If you have having problems getting mosh to run, knowing a little bit about how it works can be very helpful.

There are two primary components to mosh: mosh-client and mosh-server. A third component is the mosh wrapper script, which is what you will use to start mosh-client and mosh-server. The mosh wrapper script has the responsibility of using ssh to connect to a remote machine, start mosh-server on the remote machine, gather the necessary connection information (encryption key and remote IP), and then finally starting mosh-client.

The very first packet sent will come from mosh-client. It will be a UDP packet sent to the remote machine on a port specified by mosh-server. One mosh-server receives the UDP packet, it will know where to send the reply (since all incoming packets contain the IP address of the sender). If mosh-client never receives a reply from its initial packet, it will exit with the message "mosh did not make a successful connection to host:port"

Debugging

This page attempts to list some common issues you might see with mosh, and some steps to debug them.

General hangs on connection

When there are problems remotely running the mosh-server process, it can appear that mosh hangs, exits immediately without doing anything, or other non-descriptive failure modes.

Example exiting immediately:

/usr/local/bin/mosh: Did not find mosh server startup message. (Have you installed mosh on your server?)

The first thing to try is to ssh to the remote machine in a manner similar to mosh:

ssh -S none -o ProxyCommand='mosh --fake-proxy -- %h %p' -n -tt user@server.com -- 'mosh-server new'

One common problem is a dot file (.cshrc, .bashrc, etc) that prints things when a new shell is launched. Since mosh expects to read something from stdout, this can get confuse mosh). Note: be sure to check both the client and the server!

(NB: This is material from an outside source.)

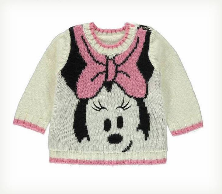 WGF1940Плетен пуловер в бяло с розова ивица по края на ластика, ръкавите и около деколтето. Отпред има изображение на Мини Маус в розово и черно. Има две две копченца на лявото рамо за по-лесно обличане.Марка: GeorgeСъстав: 100% акрил

Nothing received from server on UDP port 60001

This, and other similar messages, indicate some type of network problem that is preventing mosh-client and mosh-server from exchanging packets. One way to debug this is with the netcat utility (sometimes called nc). Another way is with tcpdump.

tcpdump

TODO: put something here

netcat

netcat is a utility to send and receive data over a network. The goal is to use it to try to confirm packets can traverse your network. In the examples below, svr is the server machine you're trying to connect to, and cli is the client machine.

On the server machine, pick an unused port number (TODO: how to use netstat to confirm port is not in use), and tell netcat to listen on that port number. -4 means use IPv4 only, -l mean to listen for connections, -u means to use UDP, and -v means to be verbose.

achin@svr$ nc -4 -u -l -v 60013
nc: listening on 0.0.0.0 60013 ...

(Note: some versions of netcat will require the -p argument to specify a port number)

At this point, netcat is now bound to port 60010, and will print out any data it receives.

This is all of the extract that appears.